December has been cold and icy this year, with temperatures dropping to -3C, but there have also been many clear, sunny days. The landscape looks so beautiful when it is pared down to essentials: muted soft colours of mauve, jade and russet woven across the hills and moors. The clear days enabled me to do quite a bit of work outside; I finally finished planting up the south-eastern corner of the herbaceous border with trees and shrubs and then mulched the whole area with composted bark. There is still a lot to do in terms of filling out the front of the border and reshaping the beds but at least the main structural plants are now in place.

On the warmer days, when the soil was soft, I dug in quite a lot of daffodil bulbs to naturalize at the borders of the woodland. The woods and area beside the stream are beginning to take on a new character now that many of the trees have been thinned out and cut back. With the winter sunshine already flooding through the gaps between the trees, it becomes possible to envisage the changes that next spring will bring to this part of the garden.

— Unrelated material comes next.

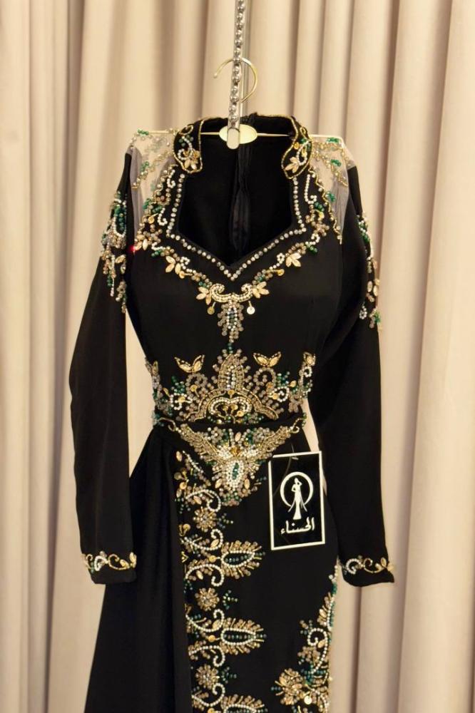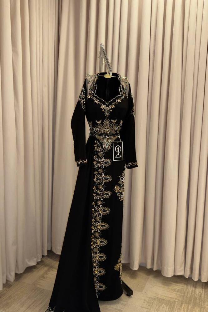قفطان مخملي أسود بأكمام طويلة، مزين بتطريز فاخر ذهبي وفضي مع لمسات حجرية لامعة، بتصميم أنيق يمتد على طول القفطان لإطلالة فخمة تناسب المناسبات.

On the terrace, in the newly planted beds at the front, a few pale-lilac Iris unguicularis are already flowering. Some wild primroses are also in flower beneath the silver birch tree in the herbaceous border and on the bank by the drive. A single burgundy hellebore is also already in flower in the raised beds, which is quite out of season. I have bought masses of the miniature Schizostylis which has strap-like evergreen leaves and starry flowers in winter, from a woman in Cornwall through e-bay. I want to put them around the paving by the pond to give it some interest in the depths of winter when the water is frozen over. For now I will have to put them in a nursery bed while I wait for the pond to be finished. Winter flowering plants are so precious, like the gorgeously scented evergreen Sarcococca humilis which is just coming into bud below the terrace.